COLUMBUS, Ohio (AP) — Ohio researchers in drug abuse and addiction say they’re impressed and energized by Gov. John Kasich’s proposal to infuse up to $20 million into scientific breakthroughs that he envisions helping to solve the national opioid crisis.
During Tuesday’s State of the State speech, the Republican governor sought to liken the potential of such treatments and technologies to past pioneering innovations in Ohio, such as those by Thomas Edison and the Wright brothers.
“The crisis of drugs continues to change, so our efforts to fight it will continue to change,” Kasich said. “Through thick and thin, we’ve got to stay unified, supporting one another.”
Accidental drug overdoses killed 3,050 people in Ohio in 2015, an average of eight per day, as deaths blamed on the powerful painkiller fentanyl again rose sharply and pushed the total overdose fatalities to a record high.
Kasich is asking the Third Frontier Commission, which supports Ohio’s technology and research economy from a voter-approved bond fund, to invest as much as $20 million in identifying and promoting existing, proven ideas that need an extra push to be brought to market.
Researchers at top-tier Ohio institutions, including Cleveland Clinic and Ohio State University, said such research is already underway and can benefit from a financial boost.
Among the ideas are special patient monitoring technologies; a device attached to the ear that relieves pain and blocks the effects of opiate withdrawal; deep brain stimulation; and a combination of physical therapy and psychological therapy.
Dr.
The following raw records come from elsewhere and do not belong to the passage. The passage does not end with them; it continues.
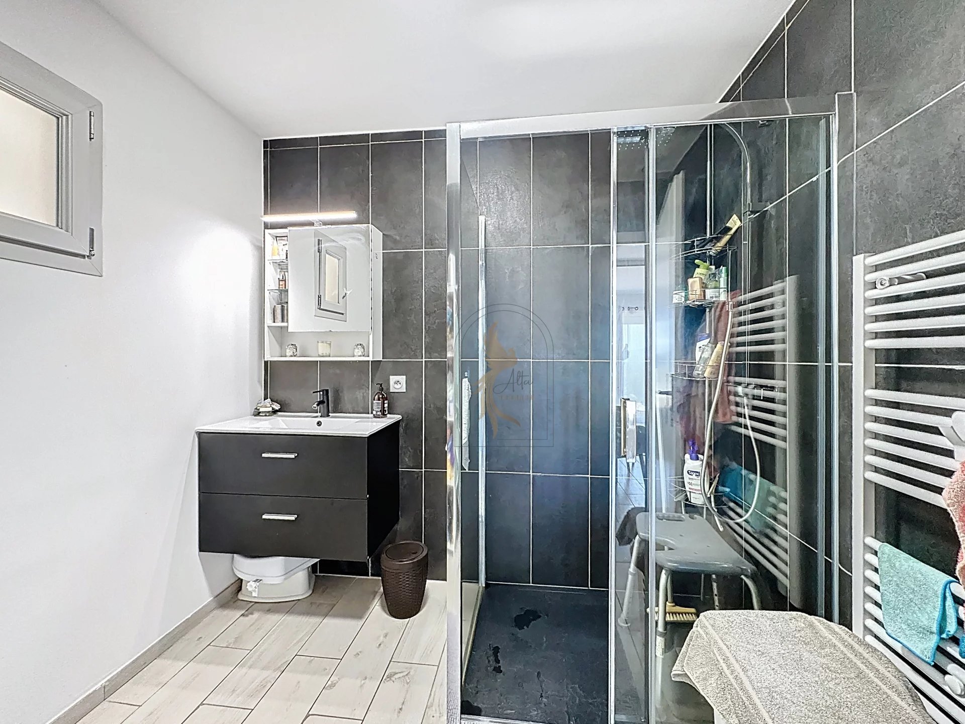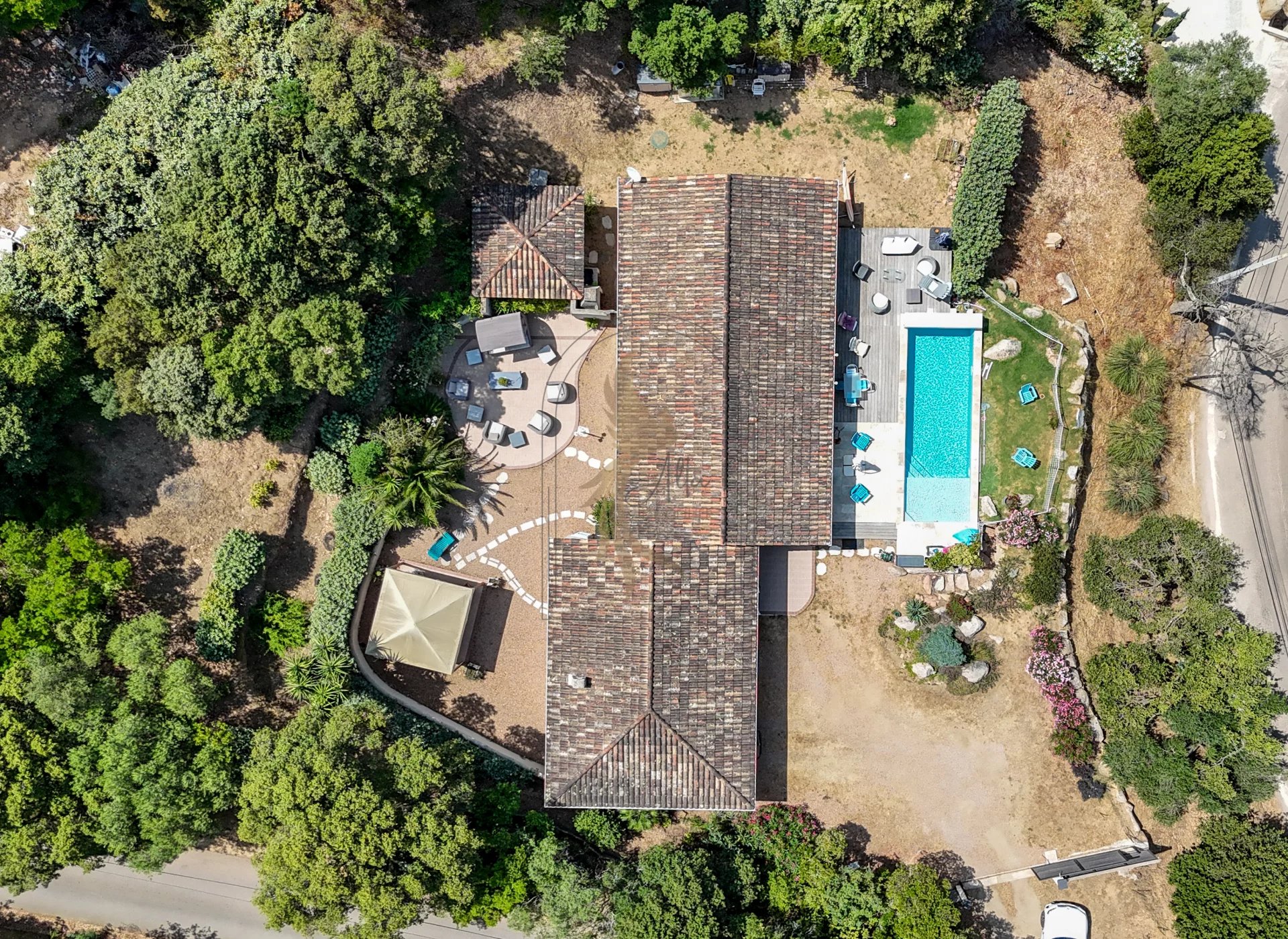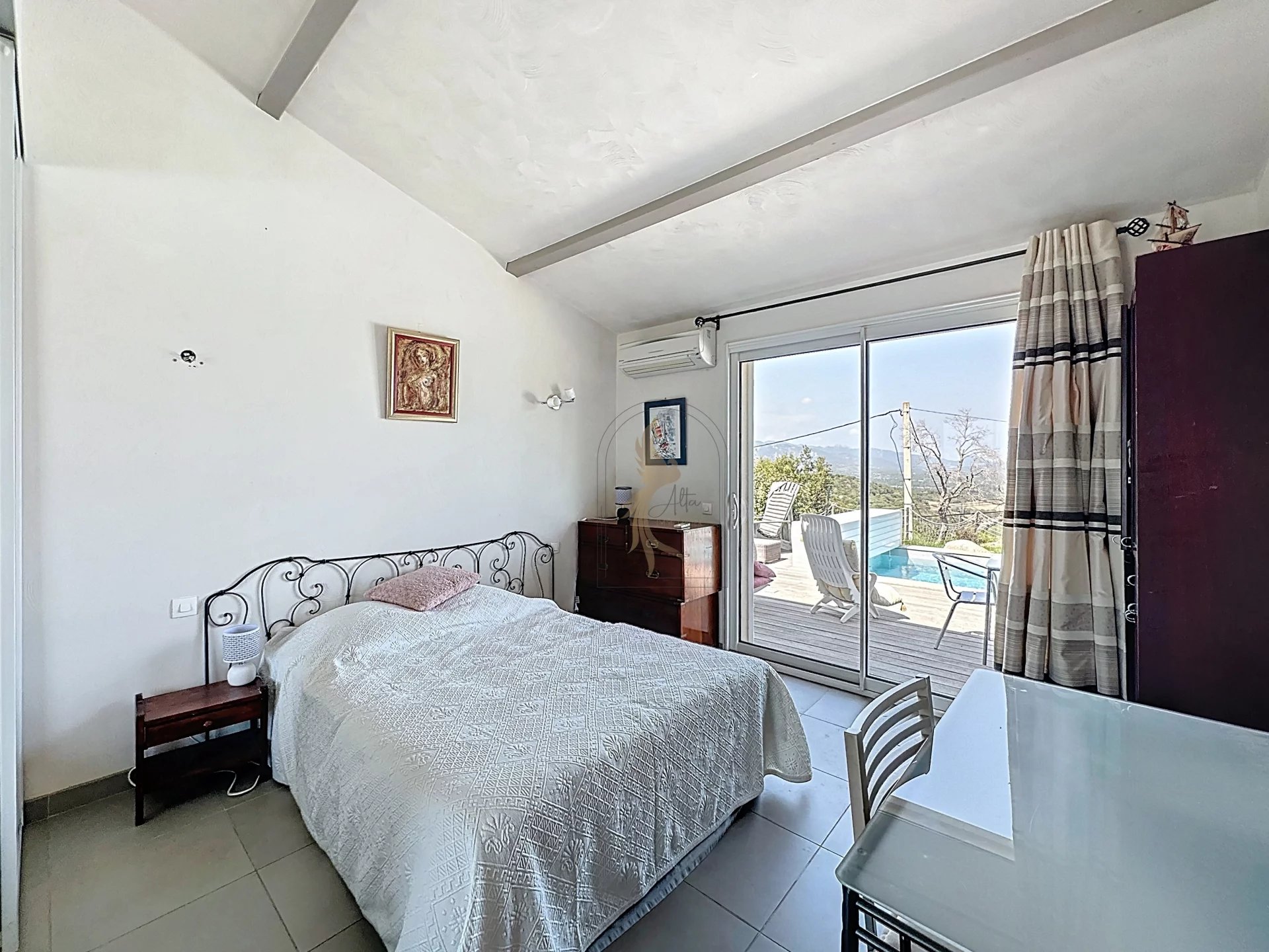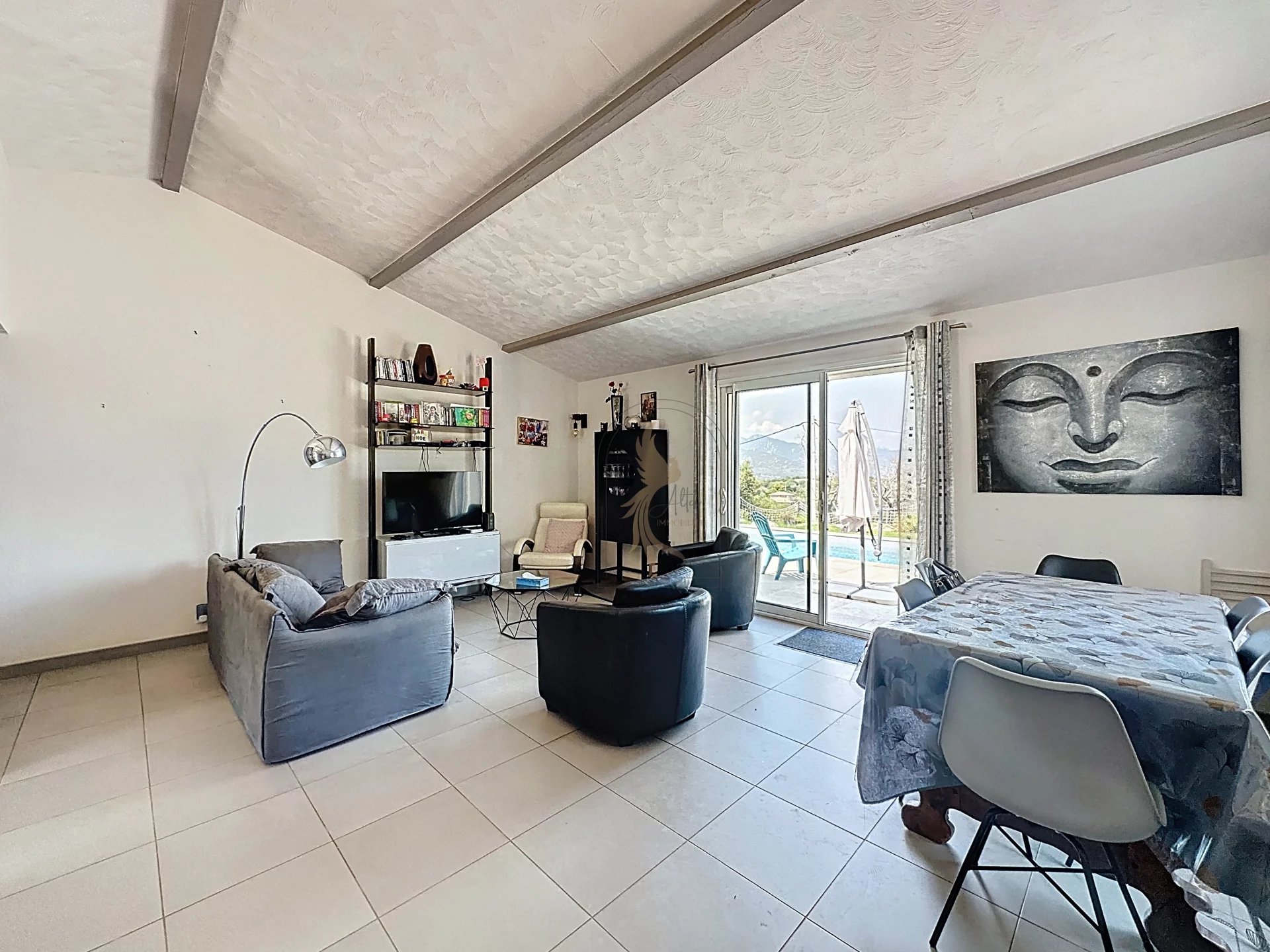 Nichée sur les hauteurs de Porto Vecchio, cette charmante villa d’environ 160 m² offre un cadre de vie paisible, tout en restant à proximité immédiate des commerces, des écoles et des principaux axes de circulation. Implantée sur un beau terrain de 1 796 m², elle séduit par sa vue panoramique sur les montagnes corses et son aperçu mer à l’horizon. L’espace extérieur est agrémenté d’une piscine au sel de 9 x 3 m, idéale pour se détendre. La propriété se compose aujourd’hui de deux espaces de vie distincts, reliés par un sas intérieur, pouvant facilement être réunis pour créer une seule et grande habitation selon les besoins. La partie principale, d’environ 107 m², dispose d’un vaste séjour lumineux avec salon et cuisine ouverte entièrement équipée, de trois belles chambres, d’une salle de bain et d’une salle d’eau. La seconde partie, entièrement rénovée, est un grand T1 bis de 45 m² comprenant un séjour avec cuisine ouverte, un cellier et un espace nuit en mezzanine, parfait pour accueillir famille, amis ou générer un revenu locatif complémentaire. Une annexe indépendante d’environ 16 m² vient compléter ce bien, offrant une pièce supplémentaire pour un atelier, un bureau ou un espace de stockage. Un bien rare sur le secteur, alliant confort, potentiel et emplacement stratégique, idéal pour une grande famille, un projet de location saisonnière ou une résidence principale avec logement indépendant.
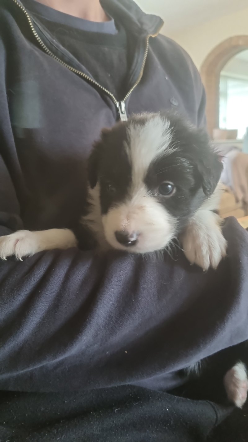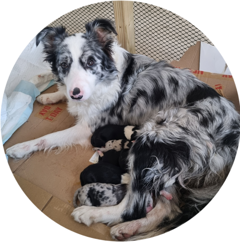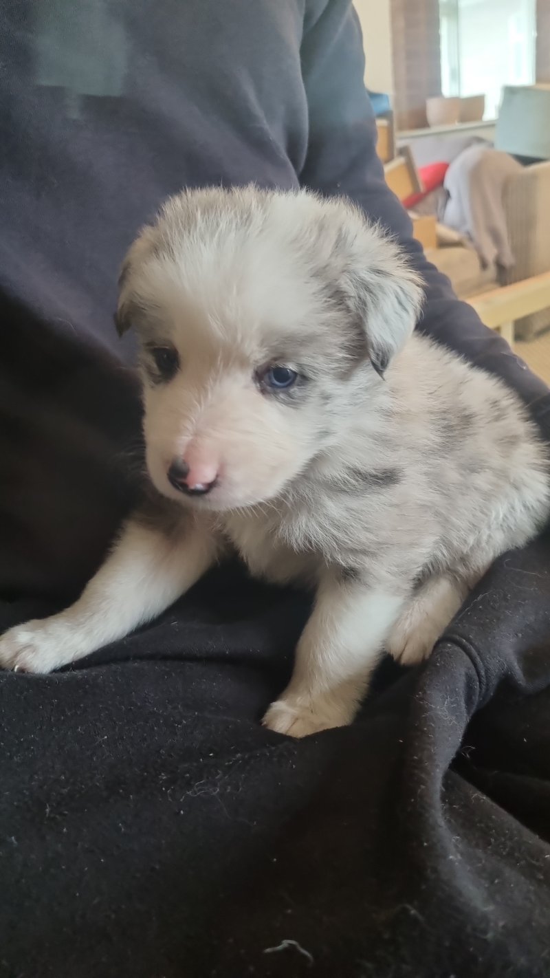 Our beautiful KC registered blue merle has just had 6 puppies with a gorgeous KC registered red and white. Both have a great temperament, dad is a working dog. Our bitch is great with children, other dogs and wheelchair users, she was short listed to become an assistant dog and will go back in to training when fit after puppies have gone. She is a great family pet. The puppies will be ready to leave beginning of November. There is 1 boy merle and 1 girl merle. 3 black and white boys and 1 black and white girl.
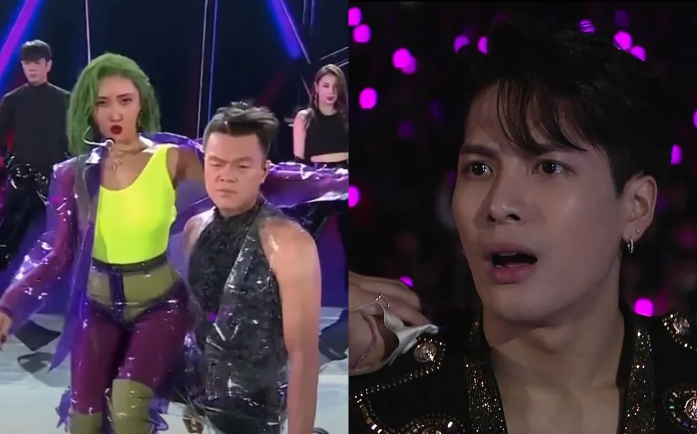 Jackson and his GOT7 members recently appeared in an episode of “IDDP” on the 1theK YouTube channel. For the show, the idol group dived into their profiles and shared their reactions to some of their past viral stories. When talking about Jackson, GOT7 brought up his viral “shocked face” meme, which originated from J.Y. Park’s (박진영) 2019 Mnet Asian Music Awards performance with MAMAMOO’s (마마무) Hwasa (화사).
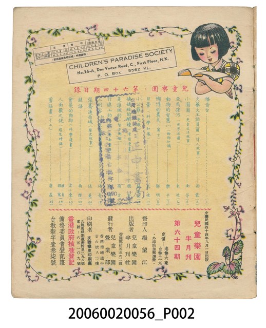 楊望江督印、兒童樂園半月刊社出版、兒童樂園營業部發行、友聯橡皮印刷廠印刷
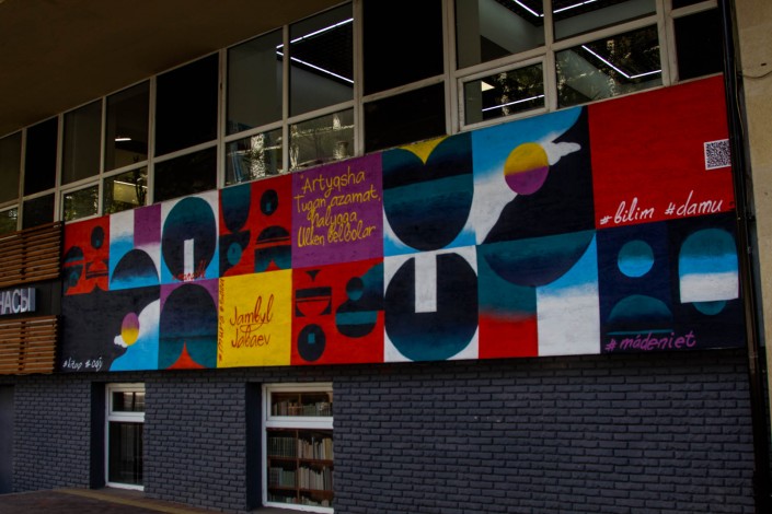 Яркими красками разрисовали библиотеку имени Жамбыла. На стене библиотеки появилась фраза акына. Стену также украшают хэштеги на латинице. Воплотить эту идею в жизнь помогли молодые художники из Алматы.
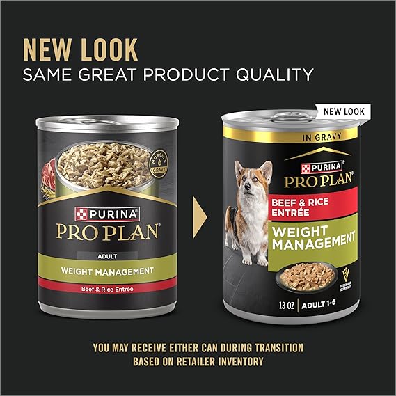 Purina Pro Plan Weight Management Wet Dog Food Beef and Rice Entree in Gravy - (Pack of 12) 13 oz. Cans

Andrew Machado, a neurosurgeon at Cleveland Clinic, said those addicted to opioids need psychotherapy because they’re caught in a cycle of becoming disabled by injury, becoming sedentary, and then living in fear of the movement needed to improve the problem because when they move it hurts.
“Breaking that cycle cannot be accomplished only with physical therapy, but rather a combination of both,” he said. “This turns out to be expensive and very difficult to deliver.”
He said Kasich’s approach appears to respect that solutions to the problem of addiction are complex.
“Saying that we don’t have the solution yet but we’re going to put the dollars of the state behind the brains of the state to come up with a solution that will work for the state, and therefore the nation, is something that we should be appreciative of,” he said.
Dr. John Campo, of Ohio State’s Harding Hospital and chair of the university’s psychiatry and behavioral health department, said Ohio is positioned to lead the country in anti-addiction advances.
Those include brain adjustments that can be used to reduce addicts’ cravings or improve their decision-making to reduce relapses, and monitoring devices that could use biomarkers to detect a coming relapse.
“In a lot of ways, Ohio has really suffered a lot from the opioid crisis, and might this be an opportunity not only to solve problems at home, so to speak, but potentially in a way that maybe helps the rest of the country?”
David Scholl, a member of the Third Frontier Commission, said he sees Kasich as looking to “unleash and focus on this issue in a productive way.”
He said if the project is approved, the typical pattern would be for the panel to identify the challenge, then solicit research proposals and help leverage private and public investment in the ventures. The commission’s advisory board is expected to take up Kasich’s proposal soon.